Multimodal fusion entails joint modeling of complementary attributes across heterogeneous data streams. While current research predominantly integrates vision-language modalities (e.g., images, text) (Zhou et al., 2023; Xu et al., 2023), this study pioneers geospatial-textual fusion to bridge neighborhood topology and POI name semantics. Inspired by cross-modal reinforcement paradigms—demonstrated in Liu et al.’s (2024b) fusion of remote sensing and trajectory data for road-aware POI identification—we develop a dual-stream framework: Geospatial embeddings encode Neighborhood attributes through spatial aggregation while textual embeddings capture lexical patterns. By dynamically harmonizing spatial neighborhood and textual semantics, the model capitalizes on their discriminative synergies, enabling spatial clusters to resolve textual ambiguities (e.g., ‘Dragon’ in restaurant vs. apparel contexts) and lexical cues to interpret spatial anomalies, significantly enhancing classification robustness across urban morphologies.

Methods

Overall architecture

The architecture of the proposed GeoDFNet model is illustrated in Fig. 1, which consists of four principal components: the Geospatial Neighborhood (GeosN) module, Data Matching module, Textual-Geographical Feature Fusion (T-G Feature Fusion) module, and Enhanced Geospatial Local Neighborhood module. This hierarchical design integrates geospatial neighborhood understanding with cross-modal feature interaction, followed by localized neighborhood refinement to enhance geographical representation learning.

Figure 1: Overall framework diagram.

Download full-size image

DOI: 10.7717/peerj-cs.3323/fig-1

GeosN module: This module harnesses the message propagation and neighborhood aggregation paradigm of graph neural networks. Specifically, it incorporates a first-layer of GAT with disabled self-loop connections to mitigate feature contamination from the target POI. By excluding the target node’s ego features during aggregation, the module ensures that geospatial representations are exclusively neighbor by spatially adjacent nodes. A multi-head attention mechanism is employed to adaptively recalibrate attention weights across neighbors, thereby capturing the comprehensive local geospatial neighborhood features. Finally, a linear transformation layer projects these features into a latent space, producing refined local geospatial neighborhood embeddings for downstream classification.

Data Matching Module: The GeosN module generates embeddings for all nodes; however, computational constraints necessitate batch-wise processing of textual features during training iterations, as handling the full dataset exceeds hardware capacity. This batch partitioning creates a mismatch between the quantity of textual features and geospatial local neighborhood features within individual batches. To address this discrepancy, the Data Matching module selectively aligns the geospatial local neighborhood features of corresponding POI nodes with their textual counterparts in the current batch. Specifically, this module matches both the complete and compressed geospatial local neighborhood features of geographic entities present in the batch, ensuring cross-modal consistency. The implementation employs a dual-indexing mechanism and feature similarity thresholds to dynamically establish correspondences, thereby mitigating computational overhead while preserving critical spatial-textual relationships for downstream fusion processes.

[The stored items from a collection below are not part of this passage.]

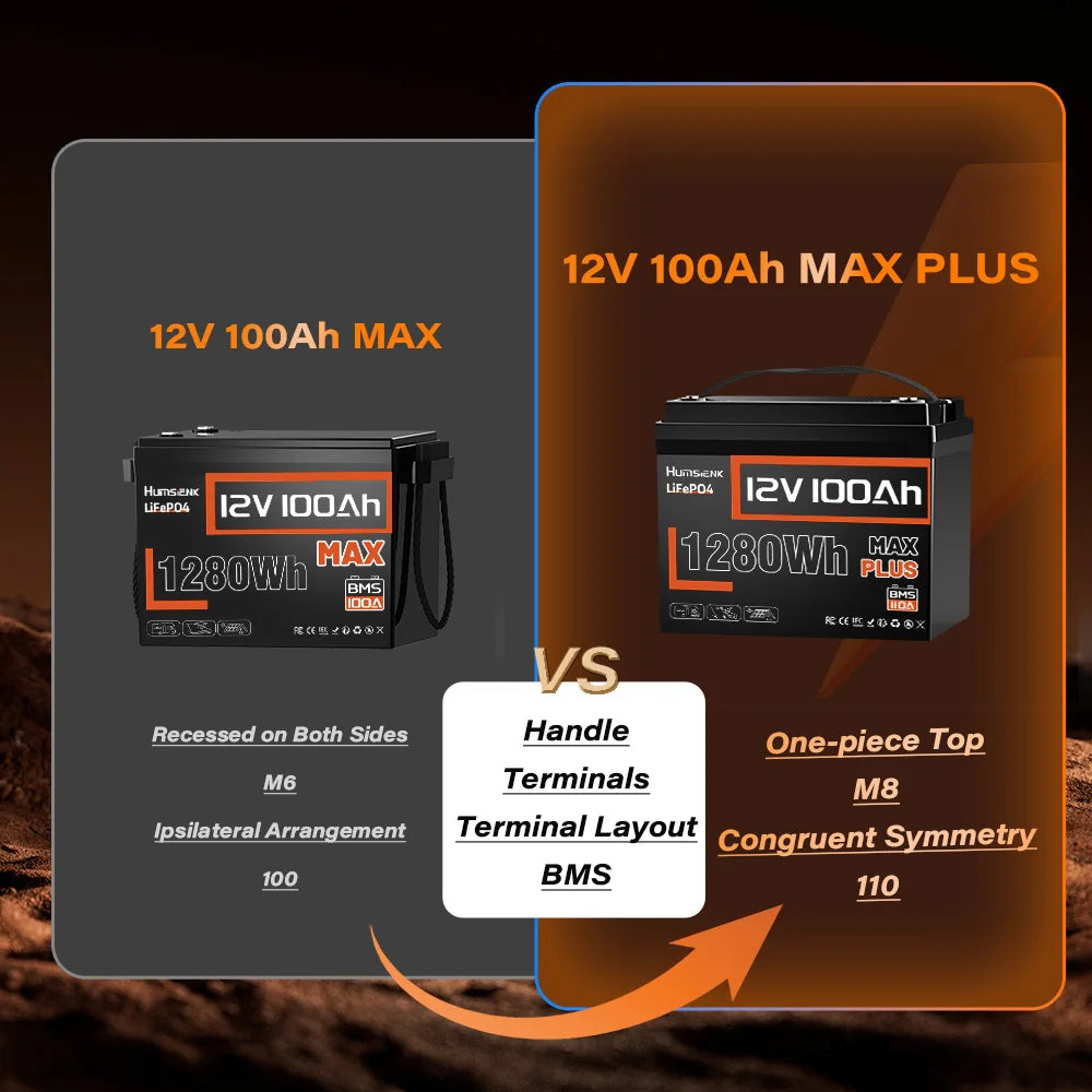 Humsienk LiFePO4 Lithium Battery 12V 100AH MAX With 100A BMS Protect Portable For Vans, RV, Golf Cart, Touring Car, Marine, etc
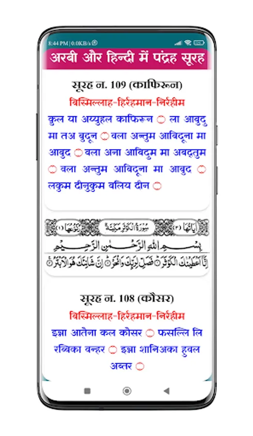 This is Hindi Surah app in Hindi (हिंदी सूरत की किताब) you can also call it Hindi Quran for learn Quran Shareef. If you are looking how to read Quran Pak in Hindi (क़ुरान शरीफ) so it is for you. Through this app you can read Hindi Quran Suraten (हिन्दी क़ुरान की सूरतें) and Namaz Ki Suraten in Hindi. This is totally offline mode and don’t need to download to read kuran sharif hindi mein.
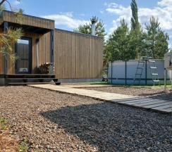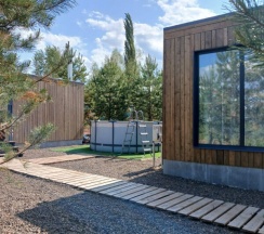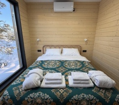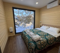 Дом «Восток» воплощает в себе идеальную гармонию традиций востока и современных тенденций дизайна. Каждая деталь интерьера продумана до мелочей, чтобы создать атмосферу уюта и тепла, где каждый гость чувствует себя как дома. Натуральные материалы, такие как дерево придают пространству ощущение близости к природе. Панорамные окна, занимающие большую часть стен, открывают сказочный обзор на окружающий ландшафт, молодые сосны, а рядом с каждым домиком есть отдельная терраса с местом для отдыха, мангальной зоной и сибирским чаном
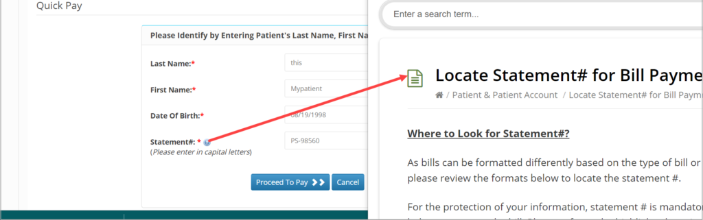 • Statement #: To help patients locate the statement # on the bill, a help icon is provided next to the statement #. On clicking the icon, patients are directed to the partner academy page to view the article with screenshots that explain where they can find the statement #.
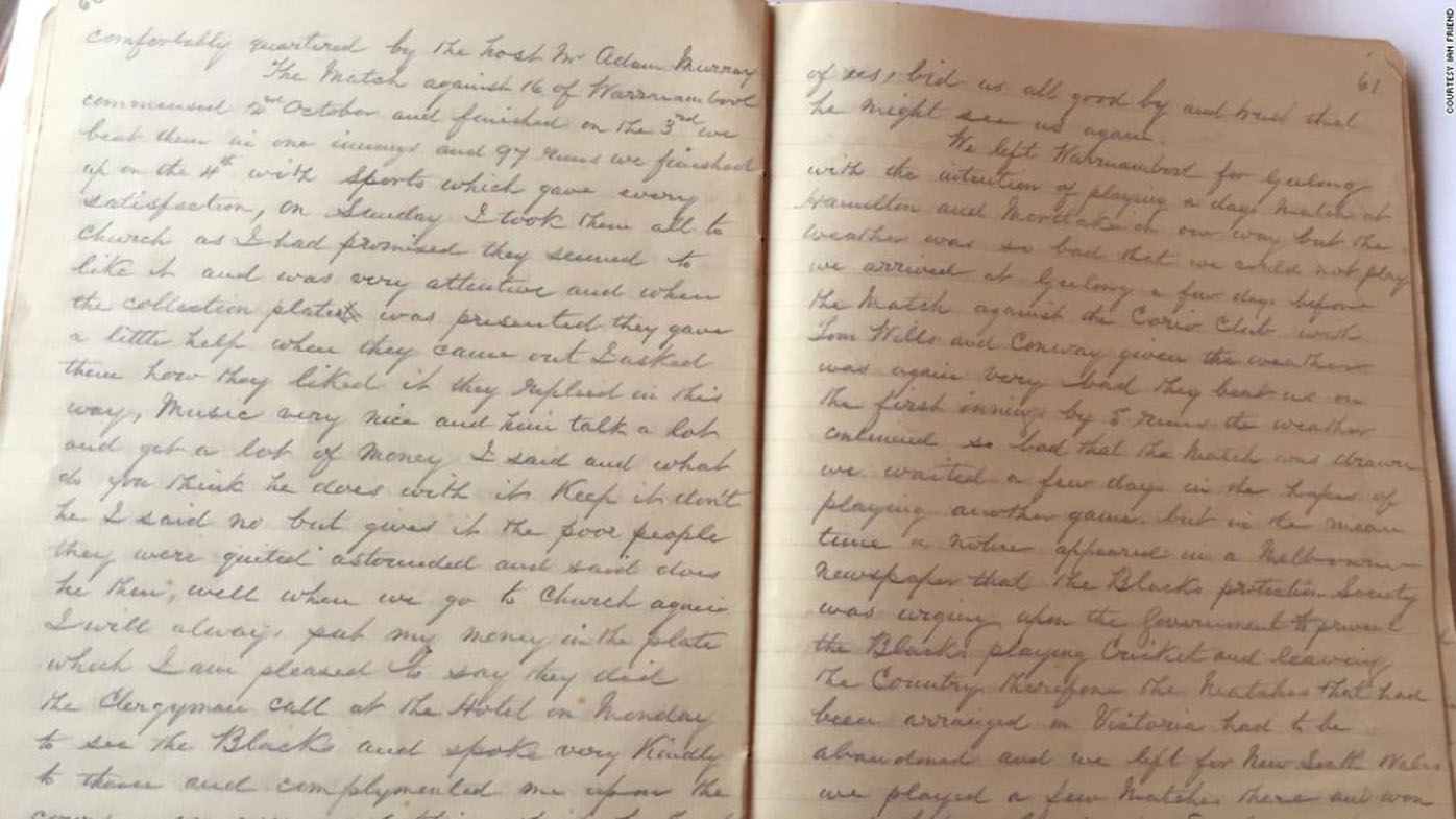 The Englishman's great-great-grandson, Friend, said Lawrence had a genuine affection for the players. "(He) loved these guys, wanted to teach them how to play, and take them back to England to teach them cricket," he said. "(At night) he went down and slept in the cabin next to them because he was worried they might be a bit scared in the water."
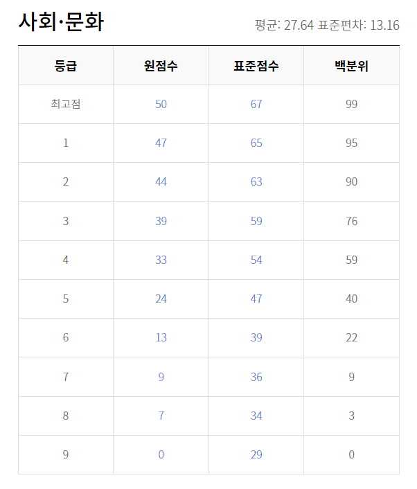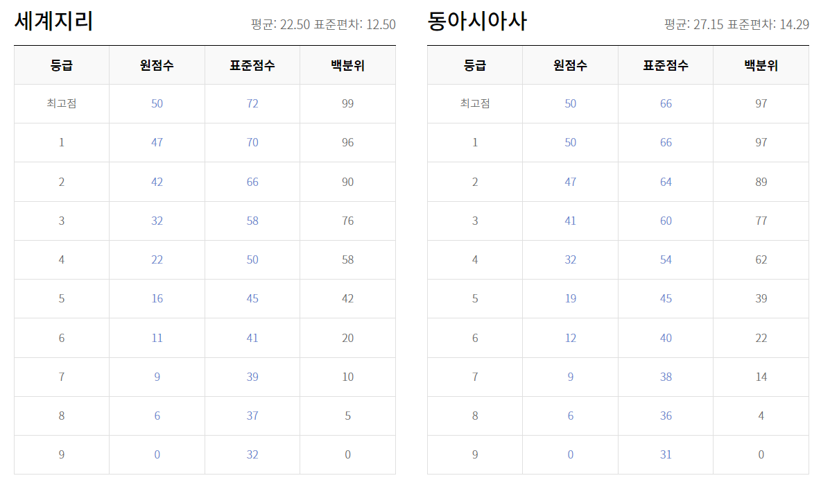 과목별 확정 등급컷은 페이지 가장 아래에 모두 나와있습니다.
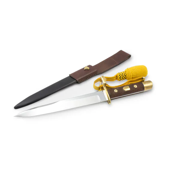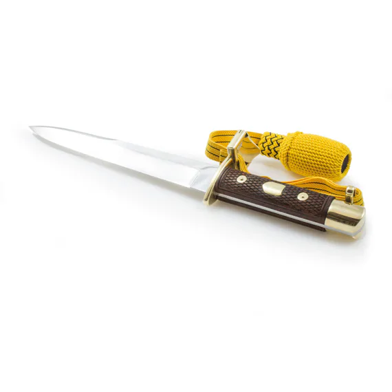 The length of the knife 33 cm, with a central blade tip and a false edge, fully respected the needs of trench warfare. o protect the hands of a fighting soldier, the knife was equipped with a guard in shape of elliptical cross. The knife handle consisted of two wooden extensions attached with three rivets to the knife bar. The M-1917 knife was worn in a steel sheath with a leather knot. Since 1917, when the knife was introduced into the Austro-Hungarian Army, it has been a welcomed prey weapon. Due to its simple design, it became a pattern for a number of other assault knives and was used in the armament of armies until the end of World War II.

T-G Feature Fusion module: This module synthesizes spatial-semantic representations by integrating textual semantic embeddings and geospatial neighborhood embeddings. The Transformer encoder processes textual information from POI names to generate semantic embeddings, while the Data Matching Module provides task-aligned geospatial neighborhood features. By orchestrating cross-modal fusion between these modalities, the module leverages their discriminative synergies to construct a joint latent representation. This fusion mechanism enables joint modeling of semantic and spatial dependencies, significantly improving classification accuracy through enriched neighborhood.

Enhanced Geospatial Local Neighborhood module: In the text-geospatial local neighborhood features generated by the T-G Feature Fusion module, the contribution of text features significantly outweighs that of geospatial local neighborhood features. To address this imbalance, the Geospatial Local Neighborhood Enhancement module utilizes the compressed geospatial local neighborhood features from the GeosN module, which are filtered and aligned by the Data Matching module. These external features are then integrated through a decision fusion approach, effectively enhancing the representation of geospatial neighborhood. This process ensures a more balanced and robust feature set, strengthening the model’s ability to leverage spatial information for improved classification performance.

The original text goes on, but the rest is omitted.